Houston Dynamo
- Owner: Philip Anschutz (AEG)
- President: Chris Canetti
- Head coach: Dominic Kinnear
- Stadium: Robertson Stadium
- Major League Soccer: Conference: 2nd Overall: 6th
- MLS Cup Playoffs: Runners-Up
- U.S. Open Cup: DNQ
- Texas Derby: Winners
- Top goalscorer: League: Bobby Boswell Will Bruin Geoff Cameron Brian Ching 5 goals each All: Brian Ching 6 goals
- Highest home attendance: 30,018 v Los Angeles Galaxy (October 23, 2011)
- Lowest home attendance: 12,047 (two matches)
- Average home league attendance: 16,868
| Home colors | Away colors |
- ← 20102012 →

= 2011 Houston Dynamo season =

The 2011 Houston Dynamo season was the sixth season of the team's existence, breaking the record for the most seasons played for a Houston soccer team. The Dynamo had been tied with Houston Hurricanes, who competed in the USISL D3 Pro League from 1996 to 2000. It was the Dynamo's sixth season with head coach Dominic Kinnear and majority owner Philip Anschultz. It was Chris Canettis first season as team president, having worked as chief operating officer for the previous five.

Prior to the season, Houston was switched to MLS's Eastern Conference along with Sporting Kansas City due to expansion teams Portland Timbers and Vancouver Whitecaps FC joining the Western Conference.
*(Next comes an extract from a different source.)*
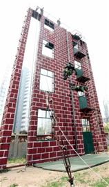 ????記者在攀爬訓練場上看到,隊員們在一個模擬4層居民樓高的攀爬訓練墻上爬上降下,動作非常敏捷?!斑@堵墻共有11米高,我們每天要上下50多次?!标爢T吳杰告訴記者,訓練的科目主要有沿雨水管、繩索爬上,然后飛身跑步下、單環(huán)節(jié)跳下、倒立下等。記者算了一下,他們每天要攀爬600多米高的距離,半個月就等于爬了個 “珠峰”的高度。

It was the Dynamo's final season playing at Robertson Stadium, with the new BBVA Compass Stadium set to open the following year.

After failing to qualify for the playoffs in 2010, Houston rebounded and finished 2nd in the conference. During the 2011 MLS Cup Playoffs, Houston beat the Philadelphia Union 3–1 over two legs. In the Eastern Conference Final, Houston defeated Kansas City 2–0 to reach their third ever MLS Cup, where they fell 1–0 to the Los Angeles Galaxy in the final. The Dynamo failed to qualify for the U.S. Open Cup, losing to Sporting Kansas City in the Qualification Semi-finals.

==Final roster==
As of November 21, 2011.

Appearances and goals are totals for MLS regular season only.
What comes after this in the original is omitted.